Sounds receded as Ella slipped into a dream, holding the armrests with weak arms, heavy arms that refused to move. A body no longer controlled. Pressure built between her breasts, an imaginary parasite swelling as it drained her oxygen, as it crushed down, as it suffocated her.

A fire-burst of pain shot through her jaw. Her eyes popped open; her breath came in short, sharp jabs. Her chest was being squeezed in a vise. Tight, tight, tighter.

Her heart began pumping adrenaline, pumping pain, pumping death.

“No,” she whispered.
No.

A deep voice, a stranger’s voice from another time.
Felix?
“What’s wrong?”

She had to stand, had to get air, had to get out. Couldn’t free herself. Why was she wearing a seat belt? Why was she burning up? Who was the man clutching her arm too tightly?

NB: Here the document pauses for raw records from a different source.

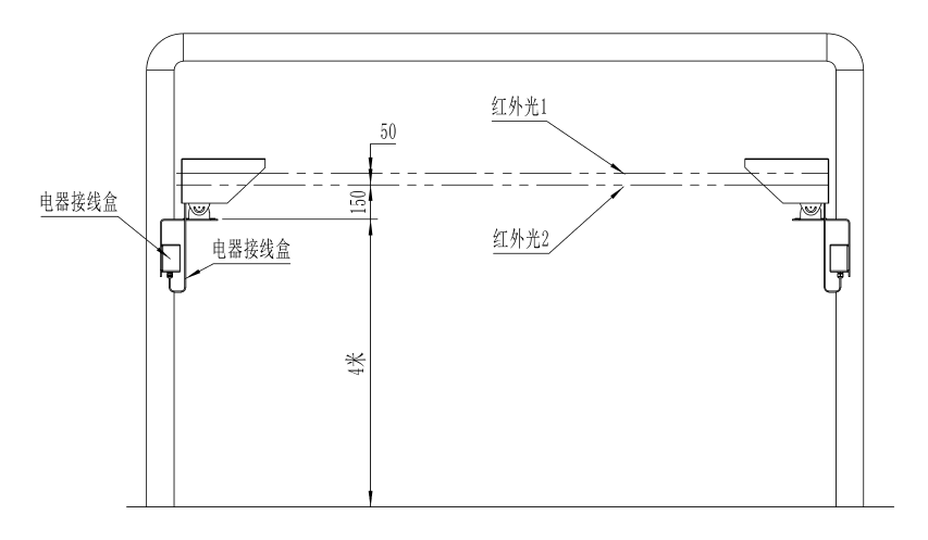 红外光束(不可见光)为警戒线。当有超过限制高度的车辆通过时,当行驶车辆触碰光电信号时,
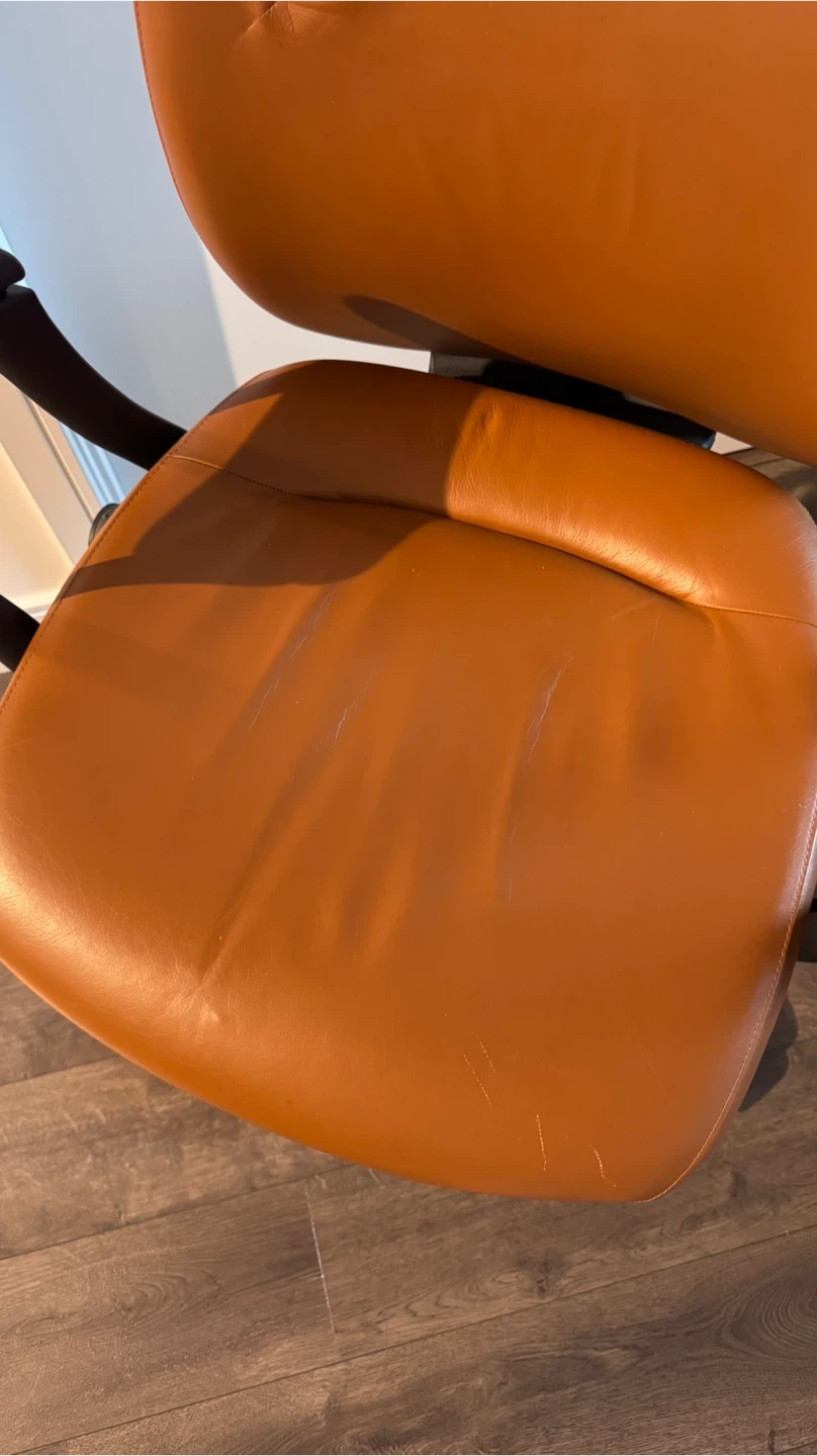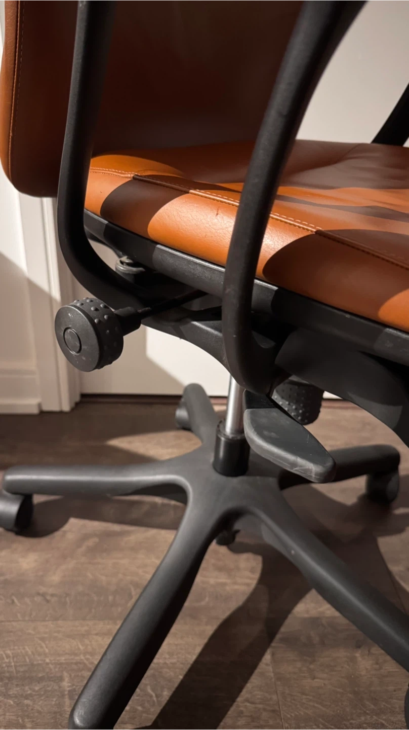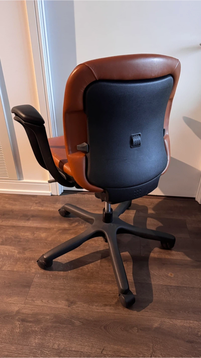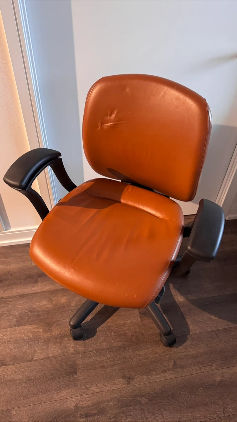 Selling a comfortable office chair in a warm caramel-brown finish.
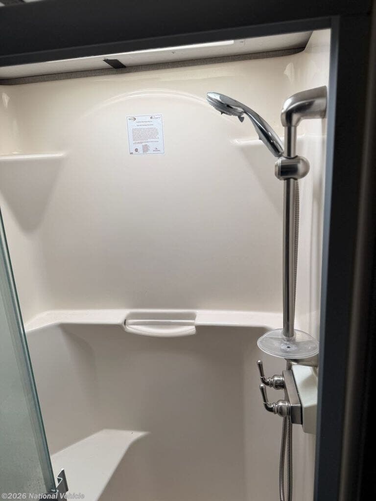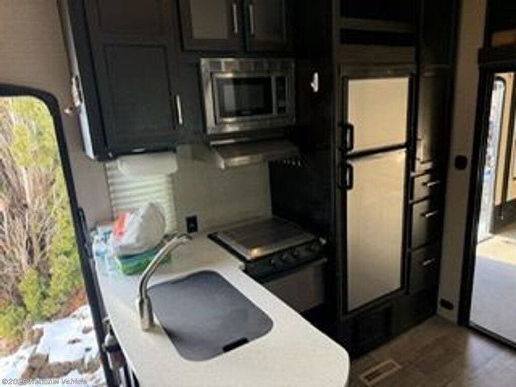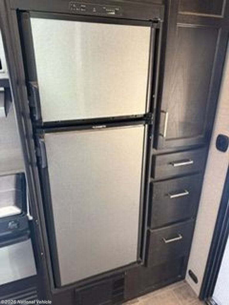 Inside, you?ll find a well-appointed living area and kitchen featuring solid countertops, an 8 cu. ft. refrigerator, three-burner cooktop, and ample storage. The residential queen master bedroom, large shower, and modern entertainment system ensure comfort after a day of adventure.

Dying, she was dying. Was it too late to join the other passengers in the Lord’s Prayer?
No, no.
History was not repeating itself. “You’re so like your mom,” her dad had said that morning. No, she had tried so hard to not be like her mom. Her heart was not meant to fail after forty-seven years. She was not her mom; she would not die and leave her child. She couldn’t. No one loved Harry the way she did; no one knew how. Who would keep Harry safe, protect him from people who were stupid or cruel or both? Who would protect him from his own father?

“Can’t . . . breathe.”

A guy, fuzzy at the edges, faded in and out. He yanked her up; they were in the aisle, moving forward into first class. Felix would never make such a bold move . . .

“Miss!” the man shouted. “We need help!”

Someone reached for her. Women’s voices—two of them.
Good, that’s good. Women will understand: we aren’t our mothers. History doesn’t have to repeat itself. Mothers and daughters can share shoes. They don’t have to share defective genes; they don’t have to both die of heart attacks before their fiftieth birthdays.

A narrow, metal space—everything stored away, everything secured. Except for her. Was she floating? No, someone was holding her by the waist, keeping her upright.

“Ma’am? Are you okay? Can you tell me what’s happening?”

Burned coffee, she could smell burned coffee. Tried to cover her mouth; tried not to gag. The baby cried again. Harry; was Harry okay?

“Dizzy. Very dizzy. Short”—she sucked in air—“of breath. Pressure in chest. Pain in jaw.”

“I don’t think she’s been feeling well since we took off,” the good father said. Now she remembered him.

“How long have you had these symptoms, ma’am?”

“An hour? Maybe longer. Suddenly got worse.”

“Do you have any current medical conditions? Are you on any medications?”

“No.” Ella’s legs buckled.

“Let’s get her out of the galley—move her to the door where there’s more room. Are you traveling alone?”

“Yes,” the good father answered. “I think her son’s meeting her at the airport.”

Arms eased her to the floor.

Someone called for a doctor over the intercom. Three times.

“Ma’am? Can you hear me? Have you consumed any alcohol?”

Her head lolled to the side. “No.”

“Get the oxygen and the AED. Call the cockpit, tell them we have a medical emergency.” The voice softened, became angel-like. “Ma’am, I’m going to put an oxygen mask on you.”